Good song, but not the topic of today’s ramblings. Just about a month and a half in. And the Lord is continually hammering this lesson home and molding my heart in this area. Even in moments I feel idle, he is continually working. Here I thought that holding things loosely was already sufficiently learned during the preparation stage and downsizing. Ha! Jokes on me.

Daily whispers from Him are “hold loosely…”

  • to your role and skill set (you will start at the bottom in most things- including how you take care of a household)

  • to your expectations (that you said you didn’t have)

  • to your understanding of language (which pronunciation is coconut and which is poop again?)

  • to social cues (how many awkward public restroom moments must I have?)

  • to your physical belongings (mildew, humidity, and heat will disintegrate things in front of your very eyes)

  • to your timeline (I’m way too direct in this culture so zipping my lips sometimes is what is best for the situation)

  • to your comfort (Lizards, bats, rats, roaches, spiders as big as my hand … all try to live with us…in the house…and that means their poop, too)

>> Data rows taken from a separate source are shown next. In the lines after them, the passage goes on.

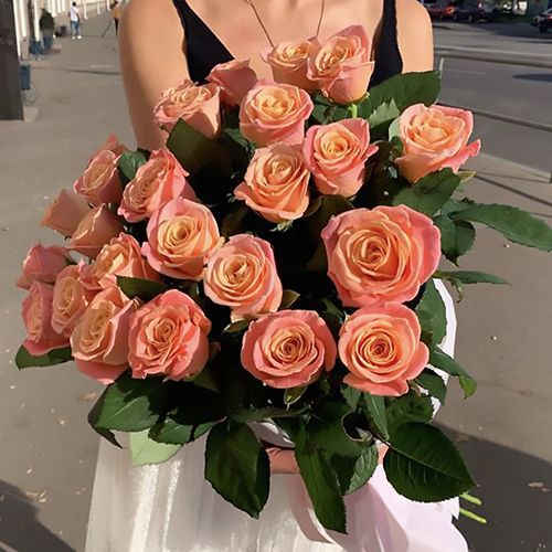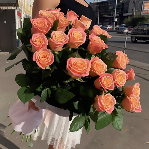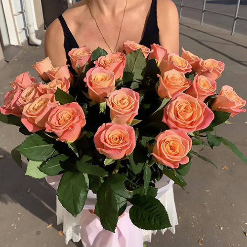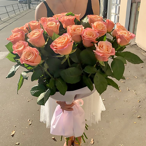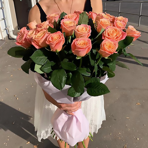 Букет 25 коралловых роз (70 см)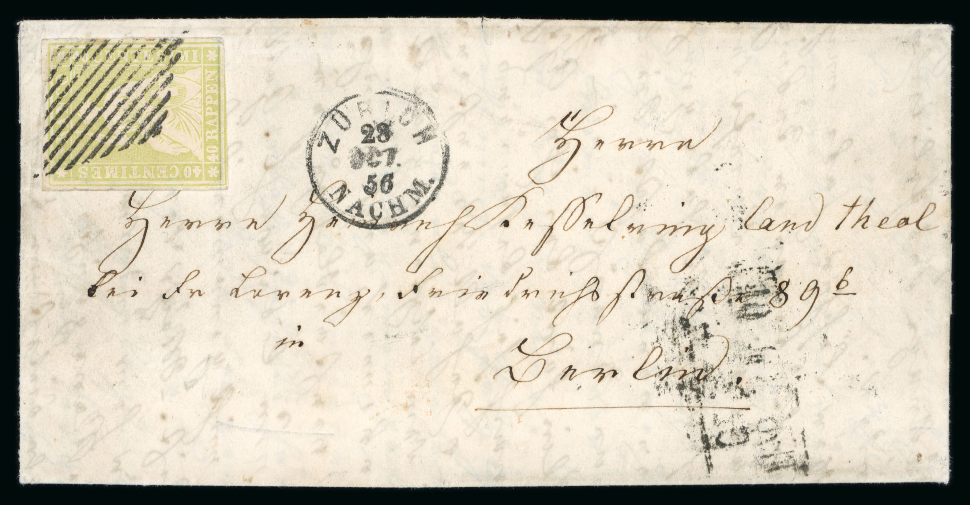 ZURICH 28 OCT. 56 NACHM. »,rückseitig Taxvermerk « 9 » als Weiterfranko für den Postverein und Ankunftsstempel Berlin. Eine sehr schöne und seltene Einzelfrankatur. Atteste Hunziker 1967, Hermann 2024. SBK = CHF 4500. (Image 1)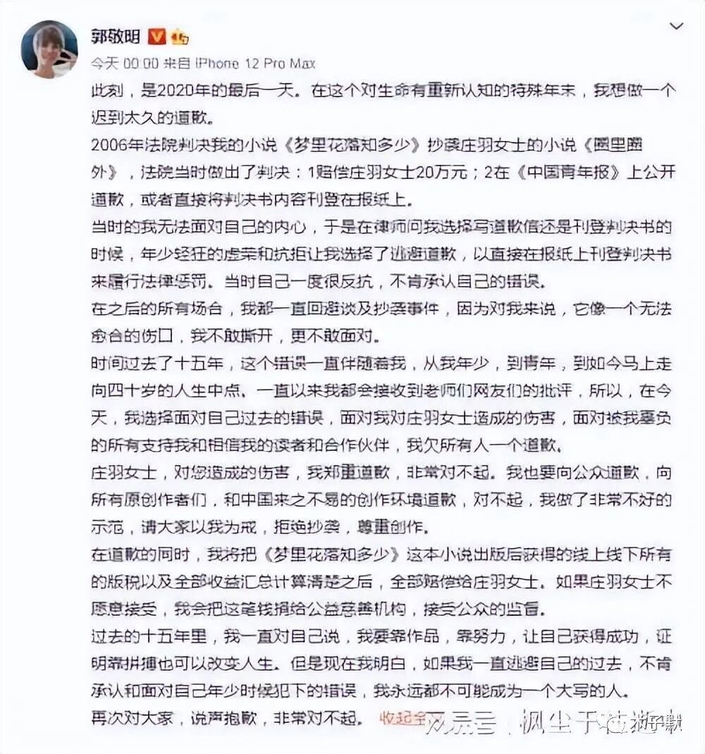 当年庄羽起诉郭敬明的作品《梦里花落知多少》抄袭她的作品《圈里圈外》闹得沸沸扬扬,顶着天才偶像作家头衔的郭敬明在一审败诉后,依旧不肯低头道歉,选择了上诉,二审仍维持原判,郭敬明坐实了抄袭一事,但是郭敬明在之后从未提及自己抄袭一事。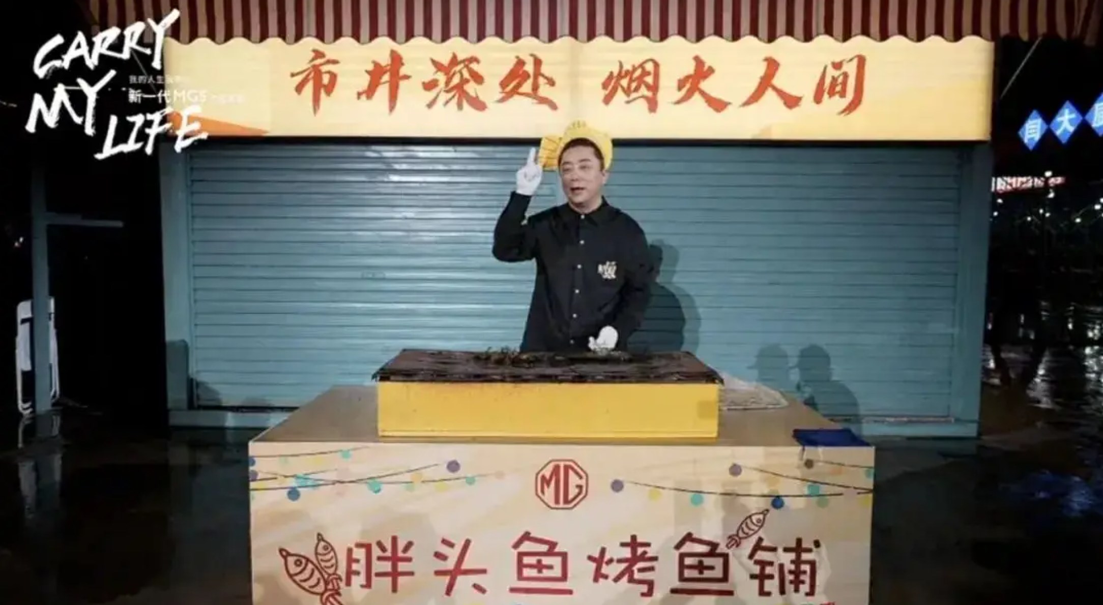 新一代MG5的发布会,在“烧烤之城”山东淄博举办。上汽乘用车常务副总经理俞经民化身烧烤大师傅,端出他的主菜“俞烤鱼”。因为经常被调侃叫做“车圈胖头鱼”,他还特意戴了一个鱼头帽子。炭火烧烤、啤酒、煎饼卷大葱,这些平日里出现在淄博街头巷尾的美食,也被搬到发布会台下。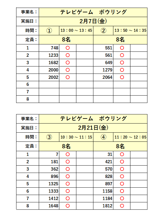 2月「テレビゲームボウリング」の抽選結果発表です。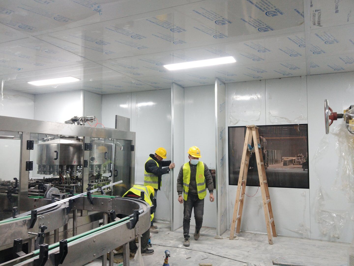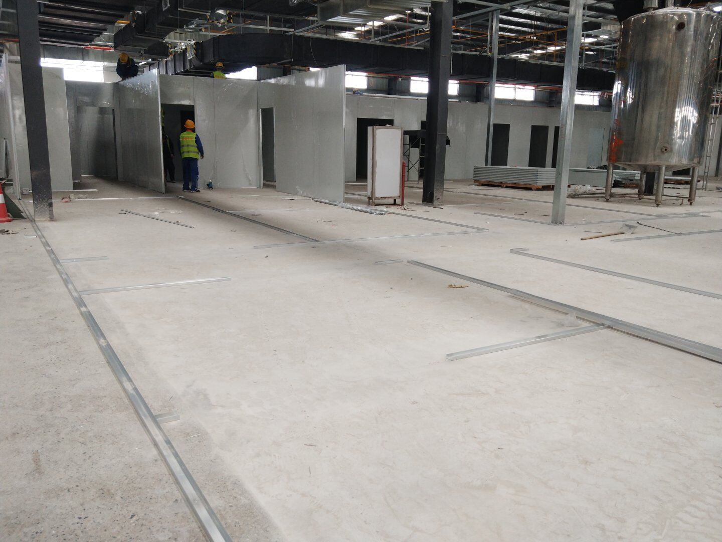 液體車(chē)間施工: 1,前期預(yù)留通道墻板安裝完成50%,并預(yù)留可拆卸設(shè)備門(mén) 飲片車(chē)間: 2,所有墻板完成,頂板完成95%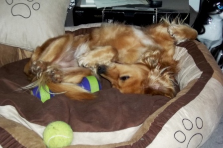 liebt es in bequemen und weichen Hundebettchen zu liegen und zu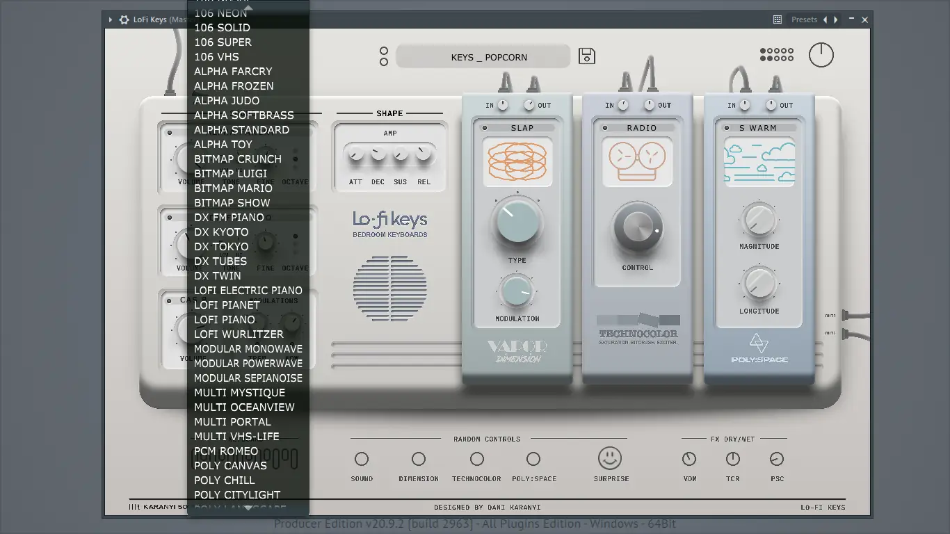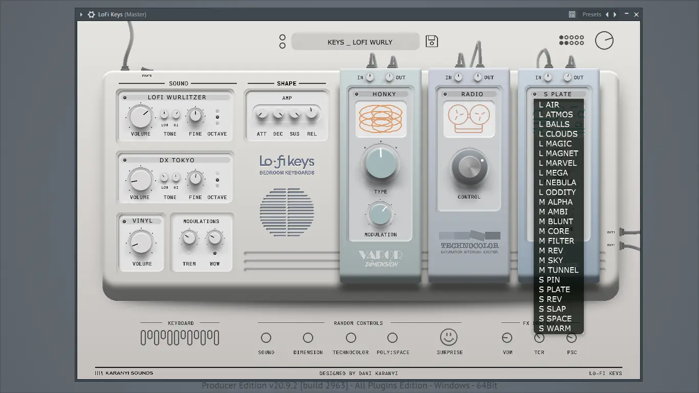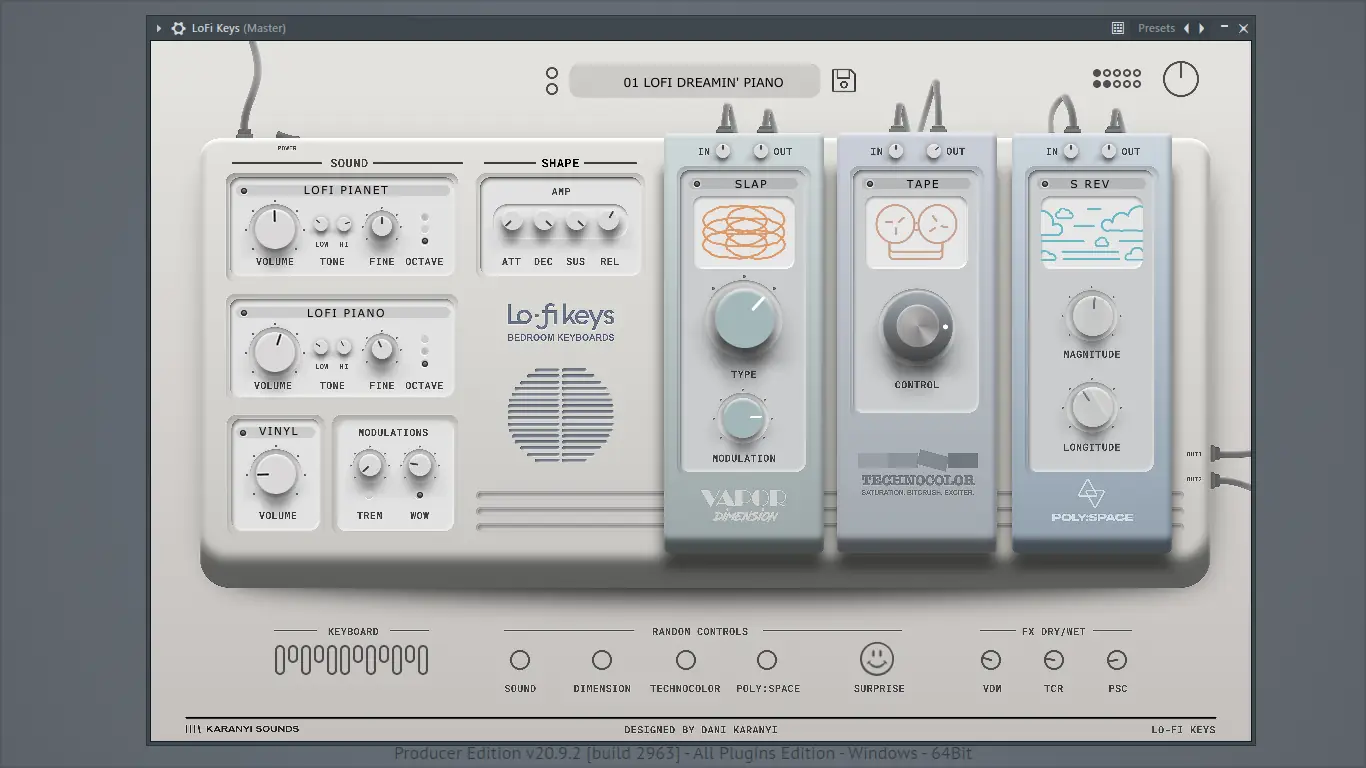Плагин Lofi Keys от Karanyi Sounds предлагает музыкантам и продюсерам аутентичное lo-fi звучание с элементами винтажной текстуры и теплоты аналоговых носителей. Инструмент объединяет классические электропианино и синтезаторы, записанные на кассеты, VHS и винил, обеспечивая глубокую атмосферу и ностальгическую окраску. Простой интерфейс позволяет быстро настраивать звуки, добавляя шумы старых носителей и эффекты модуляции.

“The Lord is our Refuge and Strength” Psalms 46:1 is posted throughout the house, my notes, and what I meditate on. It’s not in my ability, my tools, or my negotiating skills. Things look different here and that’s not all good or all bad but it does give you a clearer lens to see God at work.

A lesson we reviewed at training was the difference between the words Sacrifice and Suffering. And I remember that what all these above things listed are = SACRIFICES. These things didn’t happen to me unwillingly. They are a part of a decision we made to live here and follow the Lord’s calling. Therefore each is a sacrifice, to let go of and lay on the altar. In the moment to moment it doesn’t make it easier (as can be witnessed by the things I yell in the middle of the night at the rats) but in the grand scheme of things I think it does.

God didn’t call us to a comfortable life. I have confessed too many times this month my selfish ways when I just want x, y, z… and then I’d be okay. Which is so not how my mindset has been in recent years. But isn’t that what the American Dream is and the root of human nature? You can even see it across all income levels here. I will be better if I can make ___ amount of money, if I can get that house, if I can just catch that break, if I just was healthier… and so on. But that’s not where we get to see God work. Like REALLY work and where we fall at his feet in conversation and worship. That’s just where we see how hard WE work and sometimes we don’t know how to continue if we don’t reach that goal.

God is waiting to show off in those areas that seem impossible if we let him. If we just loosen up our grip on those things. And man have we seen him shine this past month! Like huge!!!! We’ll save those stories for a different day.